The problem that you highlight is that different workers finish at different times.

This is generally true for the parallelization of any workload. Even if work were globally issued (as you suggest), different threads will finish at different times according to other factors including operating system scheduling, the relative time taken to complete the randomly assigned work items, etc. Thus the problem you observe is one that will always exist to different extents and is unsurprising. The simple mitigation is simply to run the workload longer so that the impact of the problem is amortized.
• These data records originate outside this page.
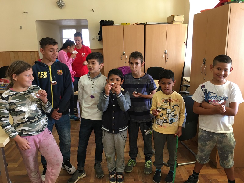 Az utóbbi két évben hiányzott az őszi táborokból, de idén egy kis gesztenyeszedési összefogásnak köszönhetően újra megtartottuk a Toldi Gesztenyeolimipiát. Az olimpia első része a röptető elkészítése volt gesztenyéből és krepp papírból, ezután kezdődhetett csak az igazi megmérettetés. A versenyen az alsósok és felsősök külön versenyeztek 4 versenyszámban: célbadobás földön levő karikába, célba dobás levegőben tartott karikába, távolra dobás és szépségdobás. Valószínűleg most volt a legtöbb résztvevő, mert eddig, ha az emlékeink nem csalnak, sose kellett párhuzamosan tartani a versenyszámokat a várakozási idő csökkentése végett. De a várakozások ellenére minden gyerek benne maradt a versenyben és nagyon élvezték is, szóval örülünk, hogy újra sort tudtunk erre keríteni. Persze a végén az érmek és díjátadó sem maradt el, a büszke nyertesek a képen láthatók.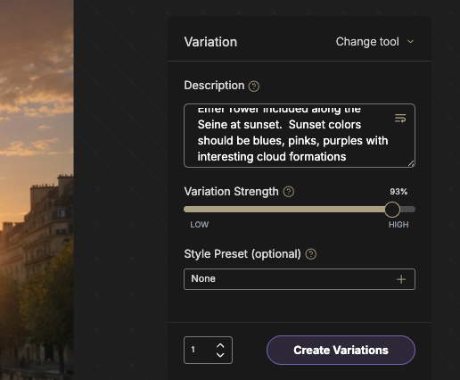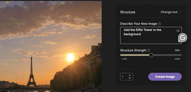 - Establish Structural Guidance: Navigate to the Structure tab to enforce the exact positioning and scale of your subject . Enter a specific text description in the Describe Your New Image field to guide the spatial arrangement without manual drawing. Adjust the Structure Strength slider to set how closely the new generation follows this structural layout.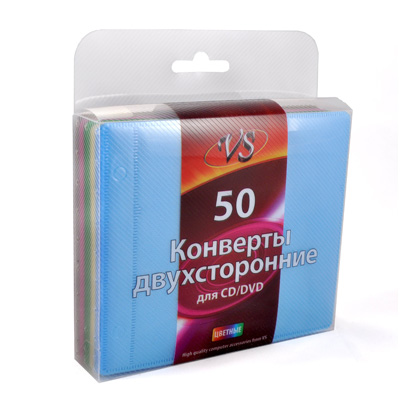 Конверт-пакет для 2-х CD пластиковый цветной 50 шт/уп. (5цветов по 10шт.) ассорти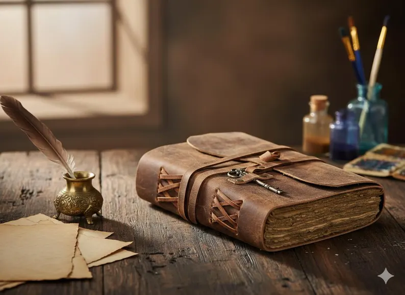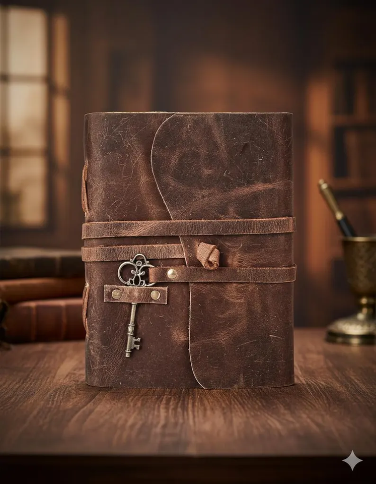 สมุดบันทึกหนังวินเทจพร้อมกุญแจโบราณ สมุดวาดเขียนกระดาษขอบดิบทำมือ สไตล์เรียบง่ายสำหรับวาดภาพและเขียน
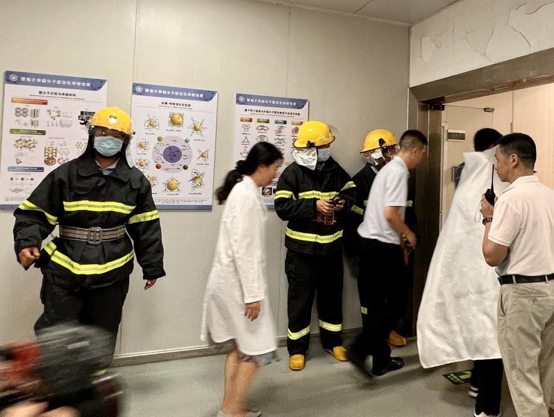 为进一步提升实验室安全管理水平,提高vwin德赢官网师生应对突发事件,特别是实验室安全事故的应急处置能力,9月21日上午,vwin德赢官网联合实验室与设备管理处、保卫处在超分子配位化学研究所开展了实验室安全事故应急演练活动。实验室与设备处副处长饶星、技术安全科科长黄小勇及保卫处刘俊岭科长、庞辉亮科长、吴旭老师等出席本次演练。vwin德赢ac米兰官网院长兼超分子配位化学研究所安全负责人李丹、副院长兼实验室安全负责人周小平、实验中心常务副主任周艳晖、副主任廖小建以及超配所师生80余人参加了演练。
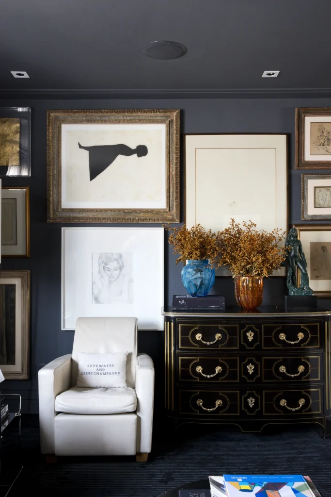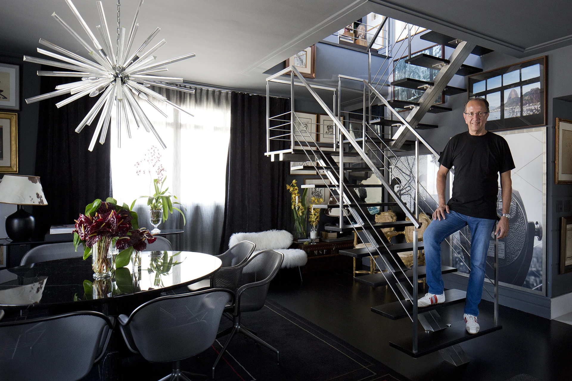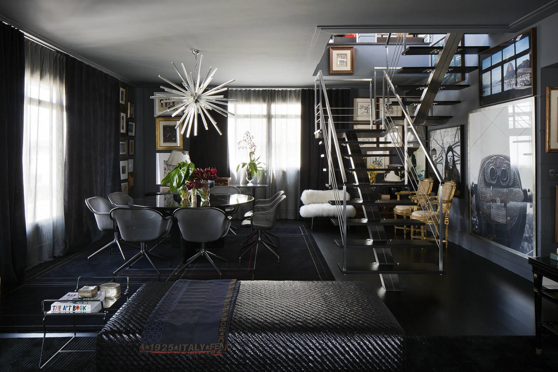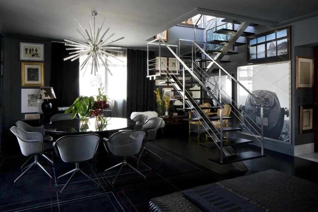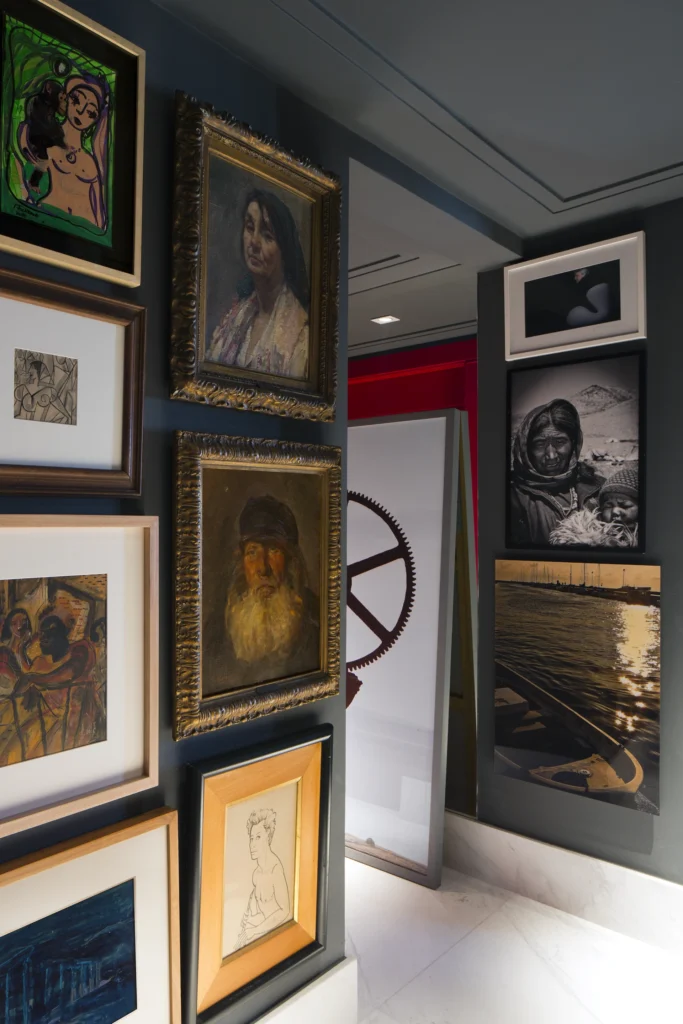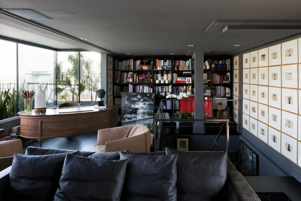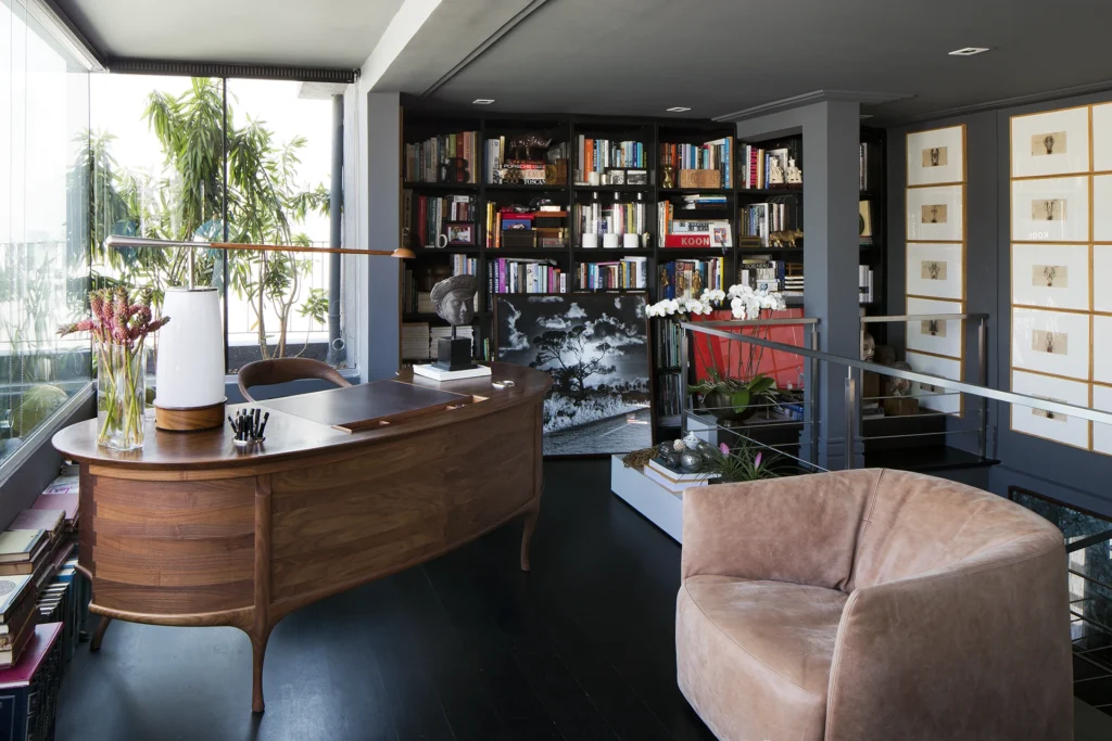 Na área interna, a paleta é predominantemente preta, conferindo profundidade e sofisticação aos ambientes. Longe de torná-los escuros, as obras de arte assumem papel fundamental ao iluminar e dinamizar os espaços, criando contrastes visuais que quebram a sobriedade e reforçam a personalidade do projeto. A arte, aqui, não é coadjuvante: ela estrutura o olhar, estabelece ritmos e transforma a neutralidade em expressão.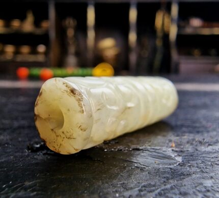 Symbolism and Use ◇ Pemaraka is highly valued in Tibetan culture, often associated with a person’s life force and blood. It’s thought to offer strong protection and bring good fortune. ◇ The bead’s worn-out shape is a testament to its spiritual journey and the many hands that have held it. It can be worn as a personal amulet or added to a collection of significant pieces.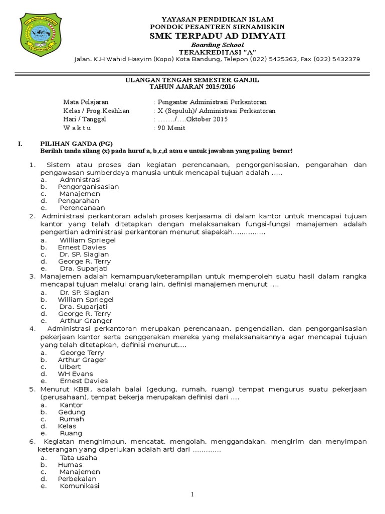 Soal Ulangan Administrasi Umum - Soal Pat Administrasi Umum Kelas 10 Tahun 2020 Pendidikan : Check spelling or type a new query.. We did not find results for: Check spelling or type a new query. Maybe you would like to learn more about one of these?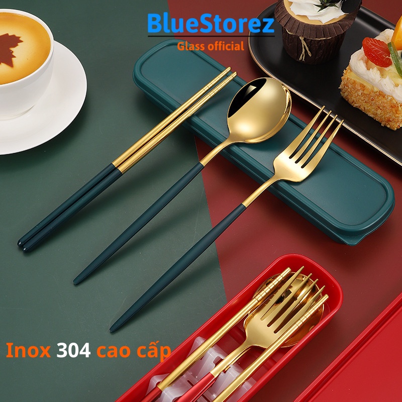 Bộ 3 món muỗng đũa thìa nĩa inox 304 cao cấp mạ vàng-dụng cụ ăn cơm văn phòng dã ngoại-BLUESTORE

In the case of h2 the simple and metered latencies become very similar (or even identical) on later iterations and/or with larger heaps since the memory profile of the workload means that once warmed up it may perform very little (or even zero) garbage collection work in a given iteration.

For the above reasons, I do not plan to change the implementation of TPC-C in the h2 benchmark.

As mentioned earlier, if you have a separate proposal to throttle h2, please make this proposal in a separate issue.